Corriere della Sera - La Lettura
La nuova frontiera oggi si chiama Dab
Invisibile e persistente, l’eredità di Guglielmo Marconi chiamata radio continua a passare attraverso trasformazioni tecnologiche senza mai soccombere. Nella stagione attuale, quella del centenario, le novità arrivano in direzione del futuro, come è ovvio, col sistema di diffusione Dab (digital audio broadcasting) ma anche, e questo sorprende, volgendo lo sguardo alle «vecchie» onde medie (Am) che nessuno più voleva (compresa la
Rai, che ha dismesso le trasmissioni nel 2022) la cui messa al bando invece sta favorendo la diffusione di emittenti locali a bassa potenza. Il Dab, che in Italia usa la tecnologia Dab+, dal 2020 è in dotazione per legge sulle nuove vetture e permette di ascoltare con un segnale più costante quando si è in movimento, senza dover cercare la sintonizzazione.
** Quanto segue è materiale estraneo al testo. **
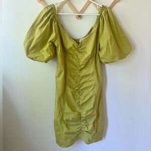 This stylish green dress features trendy puff sleeves and a flattering ruched design. Perfect for any occasion, it adds a touch of elegance to your wardrobe.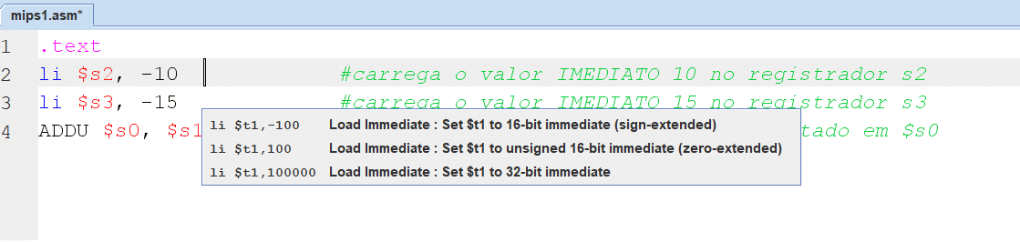 .text li $s1, -10000 #carrega o valor IMEDIATO no registrador s1 ADDIU $s0, $s1, 15000 #soma $s1 com $s2 e armazena o resultado em $s0

Inoltre questa piattaforma accoglie molte più stazioni, che qui si chiamano «programmi», con una pluralità d’offerta di cui, in Italia, si è sentita forte la mancanza, vista la dilagante omologazione delle radio commerciali.
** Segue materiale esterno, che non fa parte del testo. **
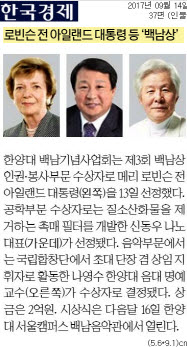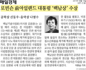 9월 14일 <조선일보> 외 5개 매체에서는 한양대 백남기념사업회가 주최한 제 3회 백남상 인권, 봉사 부문 수상자로 '메리 로빈슨' 전 아일랜드 대통령이 선정되었다고 전했습니다. 이외에도 공학 부문 수상자로는 질소산화물을 제거하는 촉매 필터를 개발한 신동우 나노대표가 선정됐으며, 음악부문에서는 국립합창단에서 초대 단장 겸 상임 지휘자로 활동한 나영수 한양대 음대 명예교수가 수상자로 결정됐습니다. 상금은 2억원이며, 시상식은 다음달 16일 한양대 서울캠퍼스 백남음악관에서 열립니다.

Il piano nazionale di assegnazione è in corso e, nonostante qualche operatore medio-piccolo stia lamentando la prepotenza dei grandi nell’accaparramento degli spazi, sulla carta la disponibilità è oggettivamente ampia. Se in analogico a ogni frequenza corrispondeva una stazione, nel digitale più soggetti possono convivere sullo stesso multiplex raggiungendo un totale, ancora solo stimato, di 1.500 programmi a diffusione regionale o provinciale e di tre reti nazionali, una per la Rai e due per operatori privati, organizzatisi in consorzi. Nel frattempo Fm e Am non stanno cedendo il passo. La prima oggi conta oltre 15 mila impianti attivi, da Monte Karkos a Cividale del Friuli, fino a Capo San Marco a Sciacca, mentre la seconda, pur con tutti i limiti legati a una minore qualità del suono, può addirittura rivelarsi una nuova frontiera per contenuti e soggetti esclusi altrove, se si vuole credere alle visioni più ottimistiche.
Forse se ne compiacerebbe lo stesso Marconi che tra i grandiosi momenti della sua vita da inventore annoverava «ogni qualvolta posso serenamente immaginare le possibilità future e sentire che gli sforzi di tutta la mia vita hanno fornito basi solide su cui si potrà continuare a costruire».